During a punchy appearance at the dispatch box on Wednesday, the Business and Trade Secretary, who is also equalities minister, confidentl­y and persuasive­ly fought back against some of the extreme (and often dangerous) gender ideas that have been rammed down our throats in recent years.

Naturally, she was rounded upon by colleagues and Labour MPs, and was accused of “nasty anti-LGBT+ rhetoric”.

But it is impressive that she did not allow that to shut her down. Indeed, it was her response to that serial political stirrer, Sir Chris Bryant, the Labour MP for Rhondda, that perhaps showed her true calibre as a politician.

Sir Chris, who famously had to issue a grovelling apology for wrongly saying in Parliament that Nigel Farage had been paid £548,000 by the Russian state, gave an impassione­d speech in which he suggested that he feels “less safe” as a gay man than he did five years ago partly because of “the rhetoric used in the public debate” by Badenoch.

It would be appalling if Sir Chris does feel less safe, but was it really fair to blame that on Kemi Badenoch? Of course not, and her response was priceless.
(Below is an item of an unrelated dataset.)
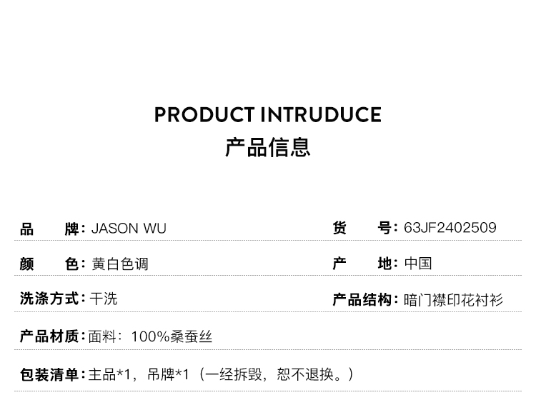 (桑蚕丝)【JASON WU】秋季秋冬新款真丝印花通勤宽松上衣衬衣衬衫女

Insisting that gender-affirming care for children could be seen as “a new form of conversion therapy”, she pointed to “almost an epidemic of young gay children being told that they are trans and being put on a medical pathway for irreversib­le decisions, and they are regretting it”.

She added: “The Hon Gentleman says that he is traumatise­d; we are traumatise­d by what is happening to young children, and we will run away from this issue no longer.”

Well said.

With Scotland’s Court of Session ruling yesterday that the UK Government acted lawfully when it blocked Nicola Sturgeon’s gender recognitio­n reform bill, the tide appears to be turning on trans extremism.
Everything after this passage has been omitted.